Haven't had to deal with their customer service yet. I bought a pair off a forum member for $40.00 but don't think i will spend alot on a pair for myself anymore. First pair I stepped on by accident. That hurt. If I loose or damage this pair I am only out of 40.00. Otherwise a cheap brand will do but the 580 lenses are awesome gotta say. Bought my son a pair at the outcast sale. I know he will take care of them.


----------



## Tres (May 8, 2010)

I followed one of these discussions on the forum about a year ago when I wanted to buy a pair. Several people complained about customer service and several said it was good. I decided to buy a pair.

I paid 240 dollars for them and tried to take care of them. I can't imagine how I scratched them, but I did in the first few days. I sent them in to see if I could get them fixed and they wanted 120 dollars to replace the lenses. I realize that it's my fault for scratching them, however I did it, but wouldn't expect them to charge that much for the repair. 

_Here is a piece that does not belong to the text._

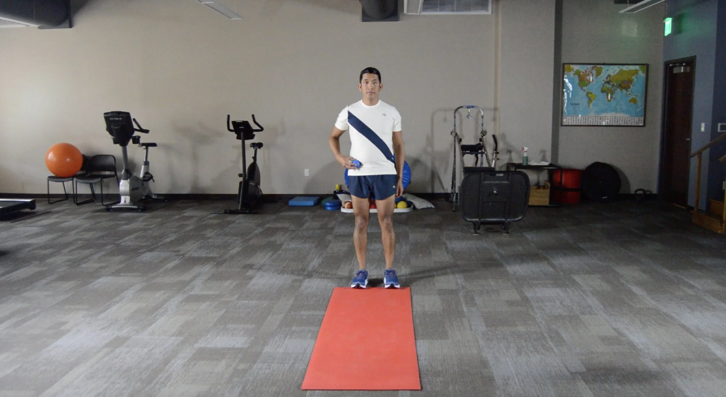 Lie on your back with knees bent and feet flat on the floor. Place the peanut-shaped massage ball under your mid-back at the bra line. Rest your head on the floor. Place a 1-3 lbs weight in each hand. Reach one arm up and overhead and exhale until the weight makes contact with the floor. Keep the opposite arm along your side. Perform 5 reaches on each side. Move down approximately 1 inch to the next vertebral segment. Repeat 5 reaches on each side. Continue until you reach the top of the thoracic spine.

I love the glasses but won't buy another pair. It's your decision to get them or not, and they are great glasses. I hear great things about Maui Jims, both the glasses and the customer service. If I had it to do over again, I think I'd go that route. I also hear Kaenon glasses are great for fishing. My wife has a pair and loves them. They just don't have many options for different color lenses.


----------



## Reelfly (Apr 17, 2010)

If spending that kind of $, get Maui Jims. A far superior product.

The Kaenon lens is just sick but, the frames leave a lot to be desired.


----------



## GEWarEagle (Jul 23, 2009)

I need the bifocals in order to read my cell and GPS. Maui's have the bifocal option, but you have to purchase the lenses separately from the frames and my insurance company doesn't like that... so much that they won't pay for them and they will for most of the Costa's. I love my Costa's!


----------



## baldona523 (Mar 2, 2008)

Yes, go with Costa's. I was never a nice sunglass guy until I bought my first pair 5 or so years ago, and I have only broke one pair since and have loved both pairs of Costa's I have had. The spring hinge and 400 or 580 glass are as good as they get. 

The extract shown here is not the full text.